> [Task to complete]: From the first line to the last, give the material again exactly, without the images.

> [Available data]:

--------------------

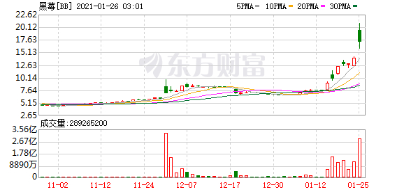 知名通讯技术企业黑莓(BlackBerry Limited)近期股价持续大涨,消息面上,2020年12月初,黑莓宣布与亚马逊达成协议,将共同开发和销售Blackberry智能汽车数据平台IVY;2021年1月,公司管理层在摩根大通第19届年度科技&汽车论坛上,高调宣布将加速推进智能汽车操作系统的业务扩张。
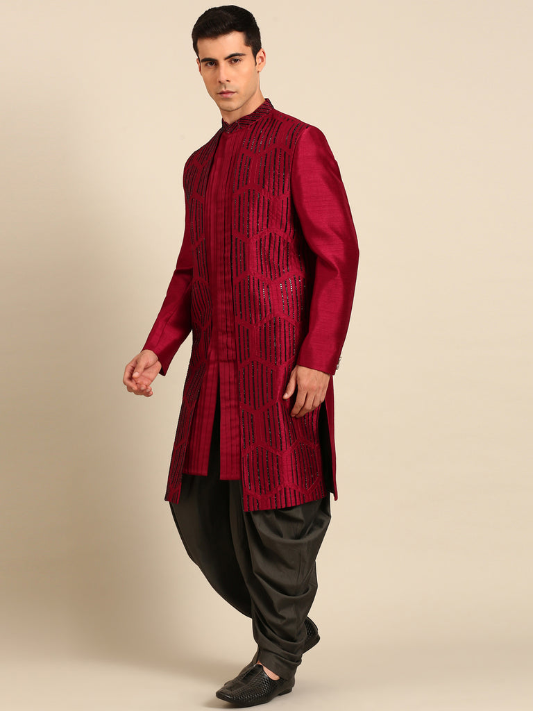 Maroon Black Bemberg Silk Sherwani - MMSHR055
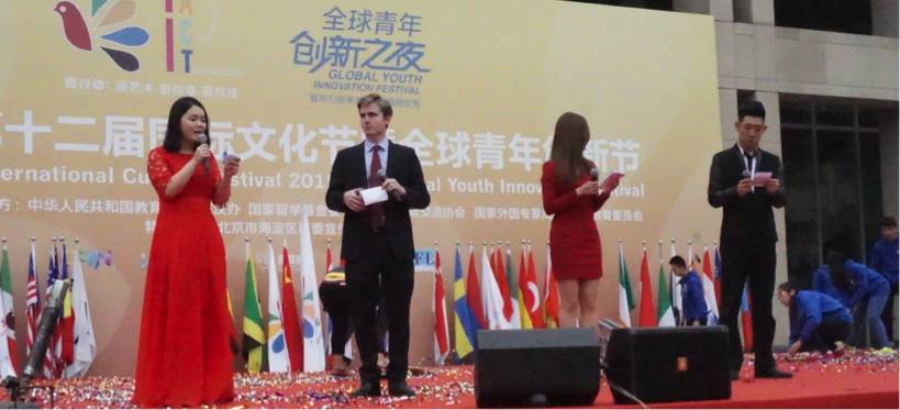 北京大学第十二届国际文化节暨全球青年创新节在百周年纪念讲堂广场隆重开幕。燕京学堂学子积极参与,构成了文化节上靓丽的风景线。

--------------------

> [Task result]:
 知名通讯技术企业黑莓(BlackBerry Limited)近期股价持续大涨,消息面上,2020年12月初,黑莓宣布与亚马逊达成协议,将共同开发和销售Blackberry智能汽车数据平台IVY;2021年1月,公司管理层在摩根大通第19届年度科技&汽车论坛上,高调宣布将加速推进智能汽车操作系统的业务扩张。
 Maroon Black Bemberg Silk Sherwani - MMSHR055
 北京大学第十二届国际文化节暨全球青年创新节在百周年纪念讲堂广场隆重开幕。燕京学堂学子积极参与,构成了文化节上靓丽的风景线。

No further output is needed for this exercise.